Monday, February 27, 2017

Cut to the Chase: Shreveport Noir

It is a really bad idea to run up gambling debts with a gangster simply known as “The Man.” It is a particularly bad idea to do so in Louisiana, where a lot of the rules do not apply so much. Of course, a lowlife like Max Chase specializes in really bad decisions. He assumed his sister, an assistant district attorney would protect him from consequences, but he will have to save her instead when she disappears under mysterious circumstances in Blayne Weaver’s Cut to the Chase (trailer here), which screens tomorrow in New York and next Monday in Los Angeles.

After an ill-advised double-or-nothing bet, Chase now has a week to pay The Man $3,000—or else.

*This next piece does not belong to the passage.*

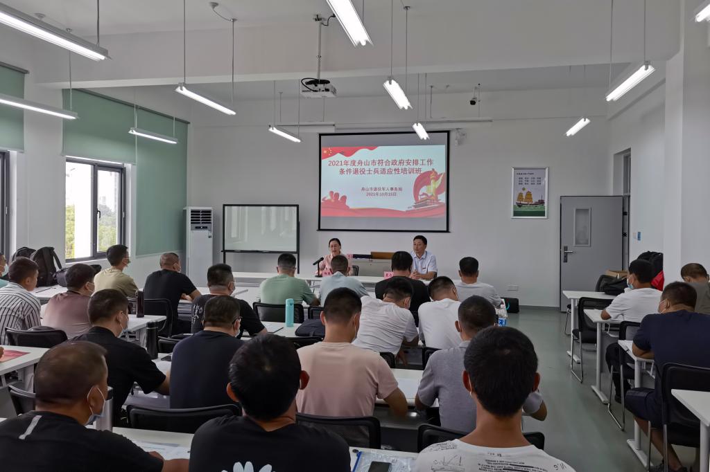 10月15日,舟山市2021年度符合政府安排工作条件退役士兵适应性培训开班仪式在我校顺利举行。本次培训为期3天,由舟山市退役军人事务局主办,我校海洋旅游学院承办。市退役军人事务局副局长陶慧芳出席并作动员讲话,校党委委员、副校长夏志刚到会并致欢迎辞。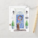 Mit unserer stilvollen Ankündigung kündigen Sie Ihre neue Adresse mit einem braunen Cockapoo, blauen Eingangstüren, Begrüßungsmatte, Schiefer-Schild, Topiaries und einem blumengeschmückten Set auf grauem Backstein an.

Yet, he is not even trying to raise the money or get out of town. He just carries on with his degenerate life style. Unfortunately, he misses the frantic calls from his frantic sister Isobel during his drunken debauchery.

It turns out Izzy Chase had an abusive ex-boyfriend in her private life and had just been assigned to lead the DA’s case against The Man in her professional life, so there is no shortage of people Chase can get mad at. Thanks to the spooked DA (who was also seeing Isobel on the side), Chase tracks down Nola Barnes, the star witness against The Man to forge an alliance of convenience. Unfortunately, Chase is getting played left and right, but he is still dangerous in a bull in a china shop kind of way.

The most important thing to take into consideration regarding Cut is Lance Henriksen, The Man himself, plays The Man. Knowing Henriksen is on-board guarantees the film a solid baseline of genre entertainment. As his own lead, Weaver is certainly willing to act sad and disreputable, perhaps succeeding too well. Lyndie Greenwood also shows some impressive fierceness as Barnes. Frankly, the entire film is well cast. The problem is the narrative often feels very small time.


When watching Cut, it is hard not to think of the recent tragic death of Bill Paxton, who made a specialty of playing colorfully flawed characters in Southern noirs like this. Weaver is no Paxton, but he is not bad, while Henriksen reliably does his thing, being The Man. Darkly diverting but not exactly essential, Cut to the Chase screens tomorrow (2/28) in New York, at the AMC Loews 19thStreet.